**Task brief**
Each line from the top of the listing through the one holding "Dragon Fly Brooch" should be restated word for word, with nothing added and no pictures.
○ ○ ○ ○
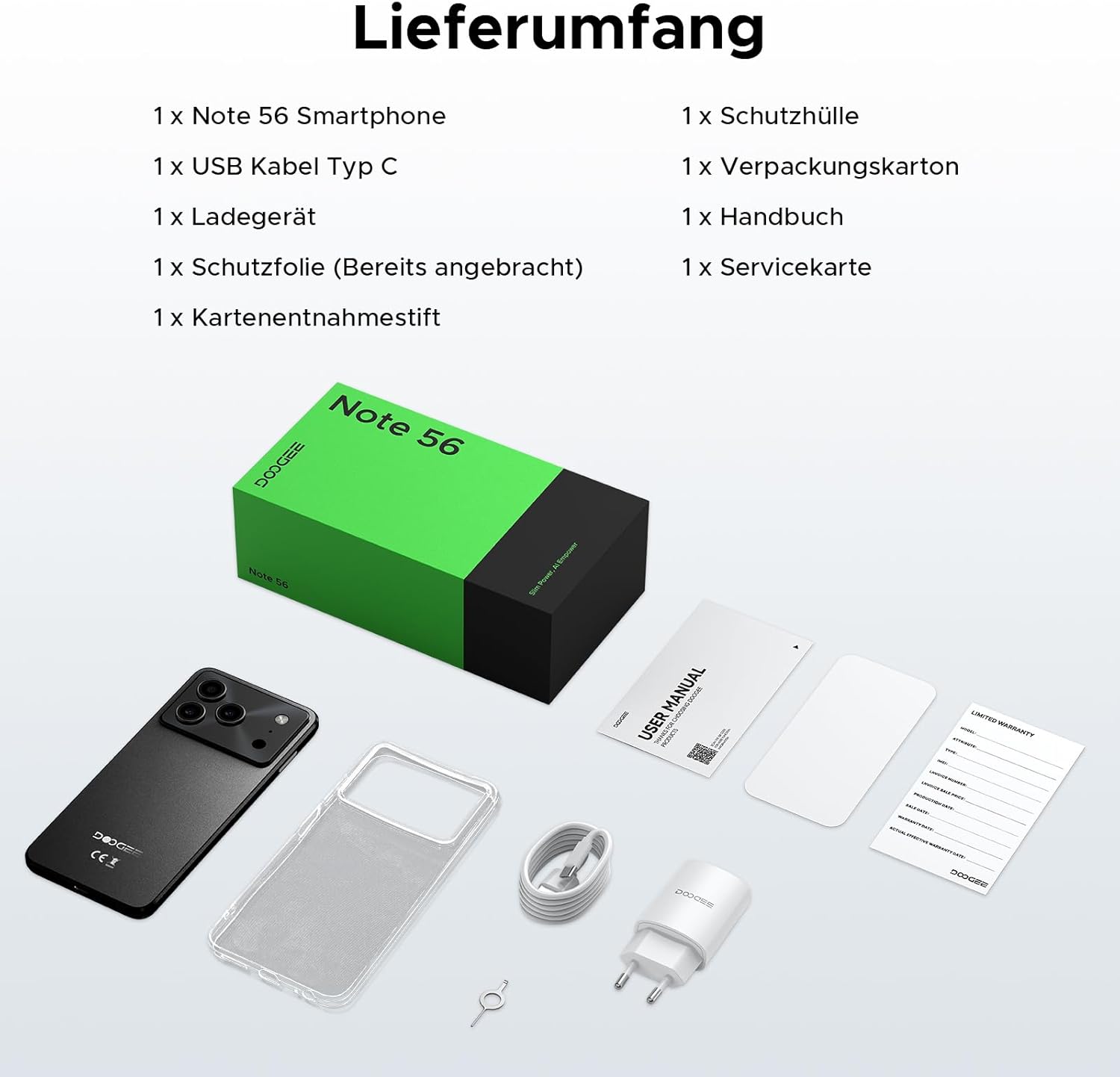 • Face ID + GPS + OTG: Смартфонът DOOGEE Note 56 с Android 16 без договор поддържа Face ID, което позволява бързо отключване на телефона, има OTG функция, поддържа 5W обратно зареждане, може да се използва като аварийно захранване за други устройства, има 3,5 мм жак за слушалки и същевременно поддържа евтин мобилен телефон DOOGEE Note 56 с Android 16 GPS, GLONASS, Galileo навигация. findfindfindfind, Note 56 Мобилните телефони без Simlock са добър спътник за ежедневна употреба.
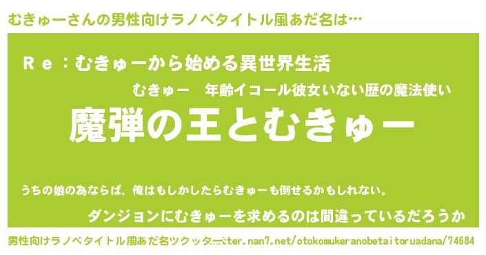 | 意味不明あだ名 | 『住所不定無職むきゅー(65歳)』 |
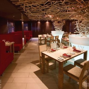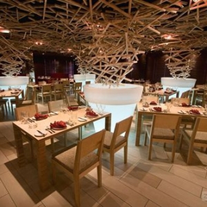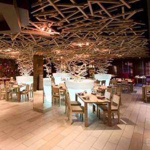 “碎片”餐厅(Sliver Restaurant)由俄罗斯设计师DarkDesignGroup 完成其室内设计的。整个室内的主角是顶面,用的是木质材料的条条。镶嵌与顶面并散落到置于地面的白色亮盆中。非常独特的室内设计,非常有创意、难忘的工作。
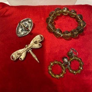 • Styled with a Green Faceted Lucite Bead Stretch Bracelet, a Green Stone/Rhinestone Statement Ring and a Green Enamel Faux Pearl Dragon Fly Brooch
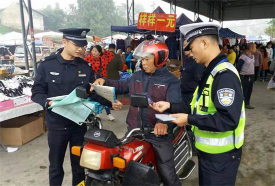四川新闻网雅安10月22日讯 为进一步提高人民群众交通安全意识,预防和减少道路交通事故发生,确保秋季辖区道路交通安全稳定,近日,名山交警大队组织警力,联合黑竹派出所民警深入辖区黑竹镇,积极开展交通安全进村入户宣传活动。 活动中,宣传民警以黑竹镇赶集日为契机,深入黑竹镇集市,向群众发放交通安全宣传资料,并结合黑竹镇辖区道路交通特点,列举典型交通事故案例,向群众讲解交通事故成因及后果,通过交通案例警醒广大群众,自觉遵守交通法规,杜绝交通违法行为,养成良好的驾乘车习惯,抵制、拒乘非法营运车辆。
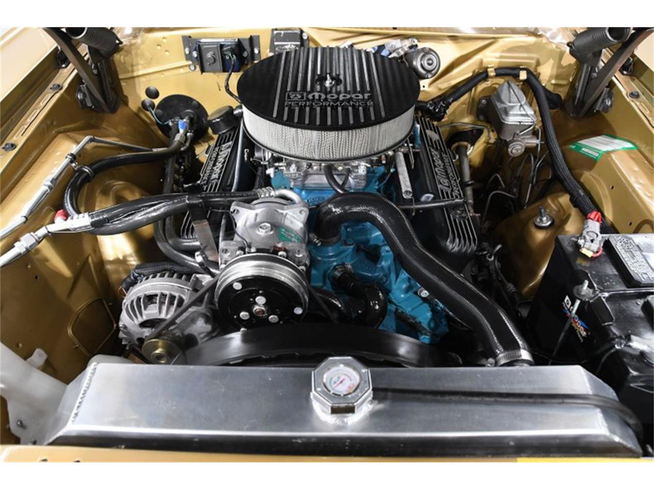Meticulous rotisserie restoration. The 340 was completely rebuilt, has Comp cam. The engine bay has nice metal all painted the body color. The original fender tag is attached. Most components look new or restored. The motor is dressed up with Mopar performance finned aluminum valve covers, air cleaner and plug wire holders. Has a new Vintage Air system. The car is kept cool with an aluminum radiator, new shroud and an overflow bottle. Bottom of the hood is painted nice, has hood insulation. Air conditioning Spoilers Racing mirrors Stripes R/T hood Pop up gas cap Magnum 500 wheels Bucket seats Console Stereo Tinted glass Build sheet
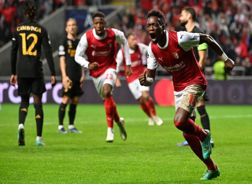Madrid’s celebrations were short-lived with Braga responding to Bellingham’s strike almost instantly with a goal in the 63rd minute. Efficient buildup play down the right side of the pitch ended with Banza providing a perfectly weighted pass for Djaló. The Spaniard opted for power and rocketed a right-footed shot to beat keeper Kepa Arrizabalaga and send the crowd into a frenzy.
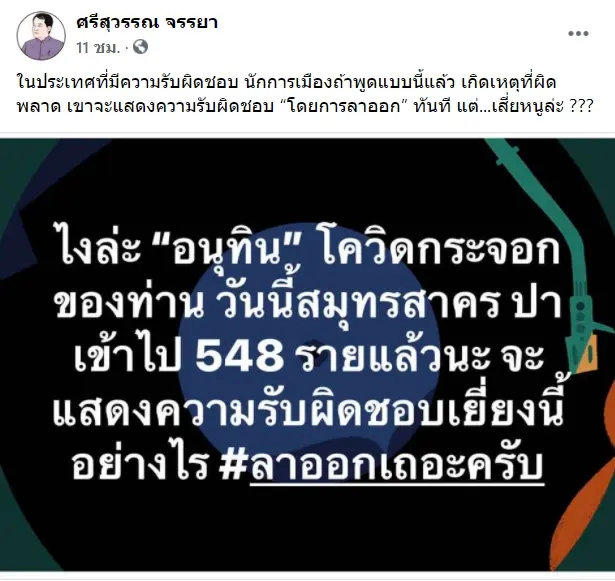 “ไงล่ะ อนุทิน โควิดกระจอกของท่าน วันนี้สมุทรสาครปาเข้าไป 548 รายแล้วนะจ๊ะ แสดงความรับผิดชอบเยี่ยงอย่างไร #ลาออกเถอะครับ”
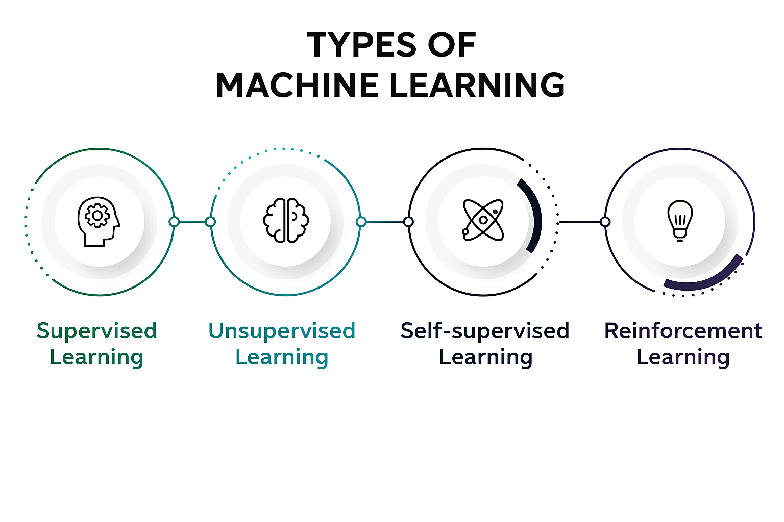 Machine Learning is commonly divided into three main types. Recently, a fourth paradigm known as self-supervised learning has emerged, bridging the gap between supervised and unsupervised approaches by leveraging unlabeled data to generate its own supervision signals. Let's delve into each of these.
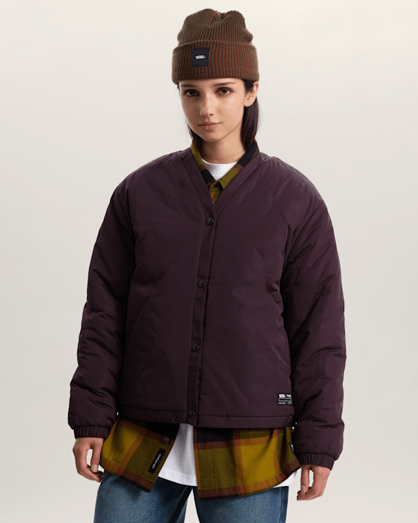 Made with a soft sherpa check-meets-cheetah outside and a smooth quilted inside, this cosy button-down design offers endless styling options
○ ○ ○ ○
**Completed exercise**
 • Face ID + GPS + OTG: Смартфонът DOOGEE Note 56 с Android 16 без договор поддържа Face ID, което позволява бързо отключване на телефона, има OTG функция, поддържа 5W обратно зареждане, може да се използва като аварийно захранване за други устройства, има 3,5 мм жак за слушалки и същевременно поддържа евтин мобилен телефон DOOGEE Note 56 с Android 16 GPS, GLONASS, Galileo навигация. findfindfindfind, Note 56 Мобилните телефони без Simlock са добър спътник за ежедневна употреба.
 | 意味不明あだ名 | 『住所不定無職むきゅー(65歳)』 |
 “碎片”餐厅(Sliver Restaurant)由俄罗斯设计师DarkDesignGroup 完成其室内设计的。整个室内的主角是顶面,用的是木质材料的条条。镶嵌与顶面并散落到置于地面的白色亮盆中。非常独特的室内设计,非常有创意、难忘的工作。
 • Styled with a Green Faceted Lucite Bead Stretch Bracelet, a Green Stone/Rhinestone Statement Ring and a Green Enamel Faux Pearl Dragon Fly Brooch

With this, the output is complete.